The classical Shannon capacity limit is well-known to communications engineers. It is useful in setting an absolute limit to what can be achieved in conveying information through a channel affected by additive white Gaussian noise, the concept of channel capacity. However, certain practical choices made in designing systems for communication and broadcasting implicitly set intrinsic tighter limits, which makes it more difficult to assess how well a practically implemented system is performing unless these tighter limits are known and understood. The concepts of Coded Modulation (CM) and Bit-Interleaved Coded Modulation (BICM) capacity limits have been presented by other workers. This paper first explores their implications on systems using uniform QAM (quadrature amplitude modulation) of various orders. The way that these CM and BICM limits for uniform QAM systematically fall short of the classical Shannon limit leads to the idea that non-uniform QAM could offer better capacity. This idea is pursued, with results that show a significant increase in BICM capacity, reducing the shortfall from the classical Shannon limit, for carefully optimised non-uniform constellations having sizes up to 4096-QAM.

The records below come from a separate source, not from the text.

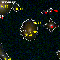 Object #59 x,y = (2133, 3682) RA, Dec = (01:42:56.856, 44:39:14.04) = (25.73690, 44.65390) BPZ = 0.396 [0.301--0.435] type = 3.10 (Ell5_A_0 - Ell4_A_0) chisq2 = 0.09 ODDS = 0.77 z_cluster = 0.341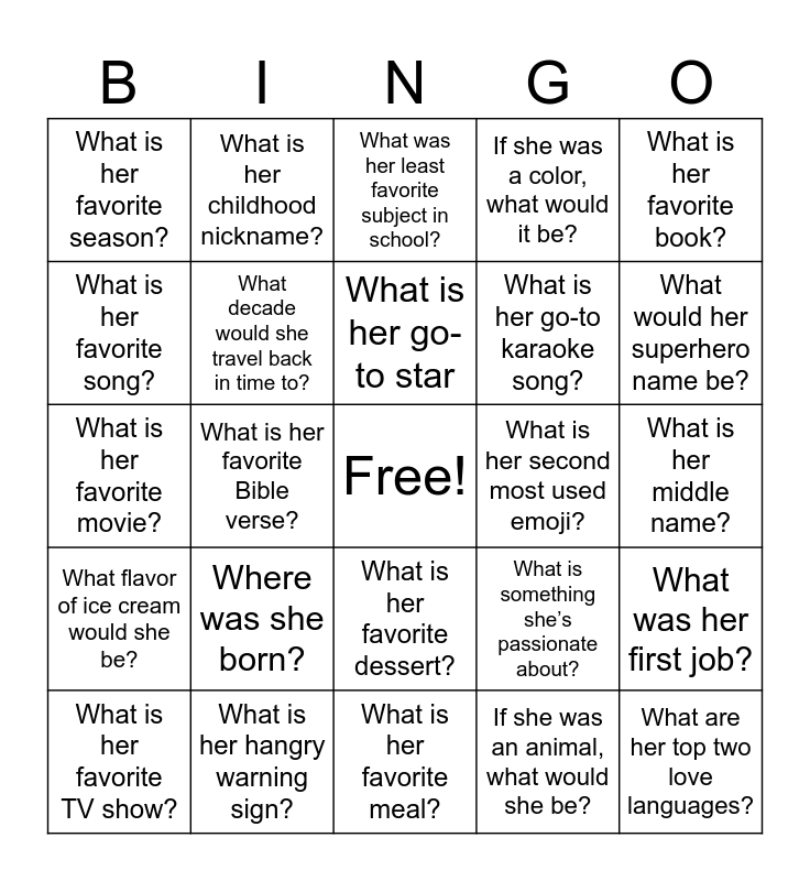This bingo card has a free space and 25 words: Where was she born?, What is her favorite meal?, What is her go-to star, What is her favorite TV show?, What is her favorite book?, What is her favorite season?, What is her favorite song?, What is her childhood nickname?, What is her second most used emoji?, What is her favorite dessert?, What is her go-to karaoke song?, What is her favorite movie?, What is something she’s passionate about?, What was her first job?, What decade would she travel back in time to?, What phrase does she say often?, What is her middle name?, What was her least favorite subject in school?, What would her superhero name be?, What is her favorite Bible verse?, What are her top two love languages?, What is her hangry warning sign?, What flavor of ice cream would she be?, If she was a color, what would it be? and If she was an animal, what would she be?.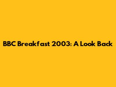 BBC Breakfast 2003: A Look Back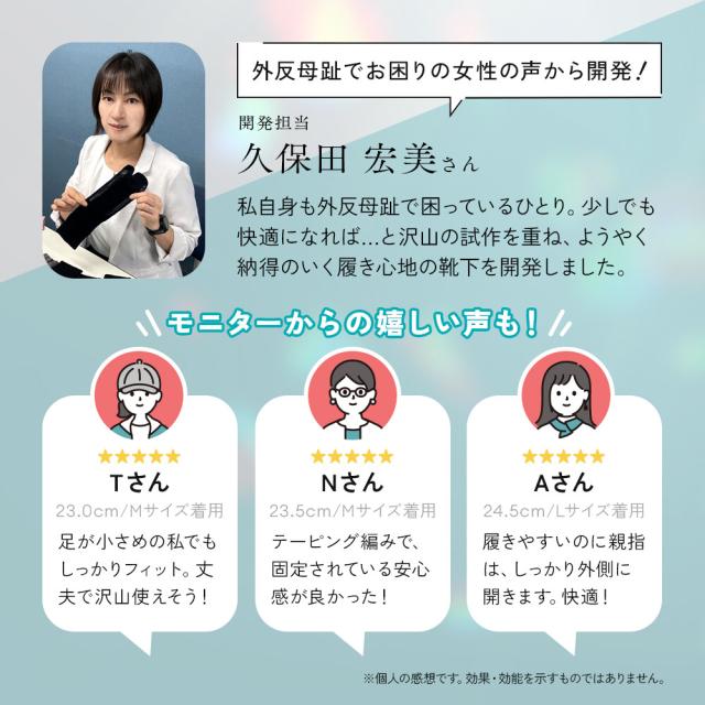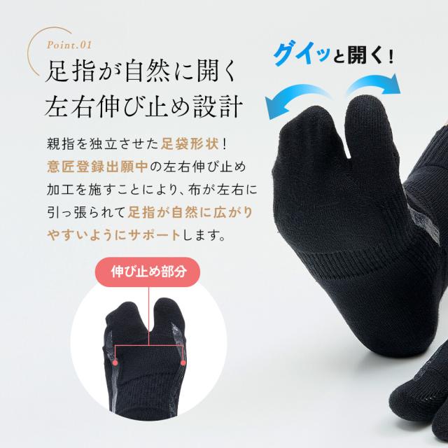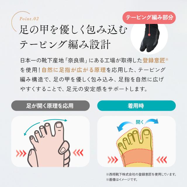 左右の伸び止め加工とテーピング編みで足指を自然に広げます。

The observation that some points in these optimised non-uniform QAM constellations tend to merge leads to a new concept, Condensed QAM, having fewer states than the ‘parent’ non-uniform QAM yet suffering negligible drop in capacity. This makes it feasible to optimise condensed versions of larger constellations still, where direct optimisation of the full non-uniform constellations would not be tractable. Results are thereby obtained for the optimisation of various condensations of 16384-QAM. The shortfall in BICM capacity from unconstrained Shannon capacity is then a mere 0.071 bit/symbol, at a design SNR of 22 dB (alternatively expressible as being 0.214 dB from the limit).

These results and their implications are then placed in context with a brief discussion of some other results from the literature.